There is also a new ground game as ordinary citizens across the state are building people power to work for a better future through the Our Children Our Future campaign to end child poverty in West Virginia.

There is a lot more to be done to broaden the middle and raise the bottom. Given the uncertainties of economies based on resource extraction, we should learn from our past and create a Future Fund from severance taxes. This should be invested and the interest from the fund could provide a permanent source of wealth from non-renewable resources.

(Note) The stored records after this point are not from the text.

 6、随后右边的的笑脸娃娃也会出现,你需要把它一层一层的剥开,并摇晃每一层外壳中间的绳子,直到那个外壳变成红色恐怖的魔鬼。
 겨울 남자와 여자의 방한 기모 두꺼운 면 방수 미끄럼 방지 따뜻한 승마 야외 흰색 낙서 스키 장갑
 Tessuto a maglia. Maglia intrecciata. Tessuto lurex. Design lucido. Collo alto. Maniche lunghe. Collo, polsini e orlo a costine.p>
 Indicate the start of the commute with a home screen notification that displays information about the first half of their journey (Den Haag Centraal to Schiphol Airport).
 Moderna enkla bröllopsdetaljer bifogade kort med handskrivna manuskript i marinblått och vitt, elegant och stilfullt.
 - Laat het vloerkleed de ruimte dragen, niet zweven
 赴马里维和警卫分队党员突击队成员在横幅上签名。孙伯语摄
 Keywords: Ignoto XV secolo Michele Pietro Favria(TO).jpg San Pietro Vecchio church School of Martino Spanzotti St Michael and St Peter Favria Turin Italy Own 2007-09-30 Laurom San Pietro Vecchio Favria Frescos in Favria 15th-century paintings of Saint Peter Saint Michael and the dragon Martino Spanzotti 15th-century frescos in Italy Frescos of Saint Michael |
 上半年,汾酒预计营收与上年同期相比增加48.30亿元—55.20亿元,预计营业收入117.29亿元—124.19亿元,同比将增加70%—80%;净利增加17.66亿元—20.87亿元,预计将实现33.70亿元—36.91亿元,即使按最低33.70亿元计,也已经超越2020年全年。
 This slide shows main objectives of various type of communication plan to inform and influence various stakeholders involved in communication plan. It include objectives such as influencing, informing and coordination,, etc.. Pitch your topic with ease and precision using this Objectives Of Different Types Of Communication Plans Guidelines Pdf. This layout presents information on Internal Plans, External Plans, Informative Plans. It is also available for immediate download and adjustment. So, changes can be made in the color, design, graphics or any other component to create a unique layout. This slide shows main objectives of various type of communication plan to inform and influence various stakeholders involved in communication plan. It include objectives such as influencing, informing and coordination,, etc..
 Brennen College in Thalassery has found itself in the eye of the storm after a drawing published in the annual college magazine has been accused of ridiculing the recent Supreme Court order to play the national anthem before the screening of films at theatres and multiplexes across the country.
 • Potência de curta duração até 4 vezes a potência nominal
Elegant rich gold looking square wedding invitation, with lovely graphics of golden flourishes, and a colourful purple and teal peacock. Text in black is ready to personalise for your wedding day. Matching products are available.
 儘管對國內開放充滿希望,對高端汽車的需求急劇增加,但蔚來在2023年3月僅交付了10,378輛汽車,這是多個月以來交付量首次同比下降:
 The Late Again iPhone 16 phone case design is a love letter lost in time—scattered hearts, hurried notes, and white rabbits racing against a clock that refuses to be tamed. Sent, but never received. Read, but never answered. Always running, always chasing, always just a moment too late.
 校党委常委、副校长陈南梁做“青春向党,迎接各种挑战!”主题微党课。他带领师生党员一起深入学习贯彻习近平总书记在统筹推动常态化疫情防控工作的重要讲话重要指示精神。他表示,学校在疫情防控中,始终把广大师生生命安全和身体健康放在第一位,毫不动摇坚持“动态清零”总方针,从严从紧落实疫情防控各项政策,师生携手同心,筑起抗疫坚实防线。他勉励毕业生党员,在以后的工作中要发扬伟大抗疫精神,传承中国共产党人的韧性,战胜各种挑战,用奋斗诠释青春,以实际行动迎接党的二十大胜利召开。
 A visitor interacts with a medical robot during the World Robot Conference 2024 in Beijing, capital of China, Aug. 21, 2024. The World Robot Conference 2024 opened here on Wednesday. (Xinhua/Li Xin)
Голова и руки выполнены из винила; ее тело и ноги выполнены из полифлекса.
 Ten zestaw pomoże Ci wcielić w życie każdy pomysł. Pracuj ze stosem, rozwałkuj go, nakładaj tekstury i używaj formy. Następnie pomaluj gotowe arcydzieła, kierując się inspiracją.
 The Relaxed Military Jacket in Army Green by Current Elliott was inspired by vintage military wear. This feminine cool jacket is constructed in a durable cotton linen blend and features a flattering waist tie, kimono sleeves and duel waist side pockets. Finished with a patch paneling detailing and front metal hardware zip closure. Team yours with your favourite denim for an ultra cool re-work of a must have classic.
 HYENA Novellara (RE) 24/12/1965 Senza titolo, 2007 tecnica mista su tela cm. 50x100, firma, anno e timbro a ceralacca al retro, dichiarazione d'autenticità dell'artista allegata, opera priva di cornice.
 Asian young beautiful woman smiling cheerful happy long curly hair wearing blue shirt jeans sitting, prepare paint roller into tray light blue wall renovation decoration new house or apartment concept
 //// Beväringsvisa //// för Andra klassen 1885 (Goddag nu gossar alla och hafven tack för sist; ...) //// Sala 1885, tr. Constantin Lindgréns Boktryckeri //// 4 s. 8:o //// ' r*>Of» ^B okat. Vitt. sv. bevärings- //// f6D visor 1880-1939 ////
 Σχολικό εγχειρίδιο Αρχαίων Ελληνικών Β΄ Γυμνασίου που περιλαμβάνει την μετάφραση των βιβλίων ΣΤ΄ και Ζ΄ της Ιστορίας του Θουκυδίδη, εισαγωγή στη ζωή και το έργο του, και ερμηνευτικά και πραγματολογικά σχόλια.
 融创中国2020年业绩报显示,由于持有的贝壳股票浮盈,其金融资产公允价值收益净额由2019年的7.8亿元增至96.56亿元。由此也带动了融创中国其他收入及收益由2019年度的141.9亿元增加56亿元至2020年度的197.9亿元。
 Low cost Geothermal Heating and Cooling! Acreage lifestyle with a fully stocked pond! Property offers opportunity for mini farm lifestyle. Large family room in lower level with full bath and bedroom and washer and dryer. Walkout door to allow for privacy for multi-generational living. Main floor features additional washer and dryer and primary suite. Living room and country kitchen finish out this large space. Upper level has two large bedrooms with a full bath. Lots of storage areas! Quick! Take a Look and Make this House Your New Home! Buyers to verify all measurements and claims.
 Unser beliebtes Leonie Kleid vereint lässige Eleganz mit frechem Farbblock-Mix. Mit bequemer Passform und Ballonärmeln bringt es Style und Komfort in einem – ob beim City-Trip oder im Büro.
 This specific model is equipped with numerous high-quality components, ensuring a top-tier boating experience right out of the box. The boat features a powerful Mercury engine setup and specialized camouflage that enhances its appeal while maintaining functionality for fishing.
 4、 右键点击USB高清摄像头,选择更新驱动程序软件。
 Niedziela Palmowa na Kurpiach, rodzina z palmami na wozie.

We need to maintain and improve investments in physical and human infrastructure — including ensuring the affordability of higher and vocational education; protect the quality of life, including our natural beauty; and embrace economic diversity and sustainability.

Finally, we need to rebuild our sense of community. As Harvard sociologist Robert Putnam, author of “Bowling Alone,” recently put it, “The crumbling of the American dream is a purple problem, obscured by solely red or solely blue lenses. Its economic and cultural roots are entangled, a mixture of government, private sector, community and personal failings. But the deepest root is our radically reduced sense of ‘we.'”

To thrive in an uncertain future, we need to realize that democracy isn’t a spectator sport. It is — or needs to become — a verb.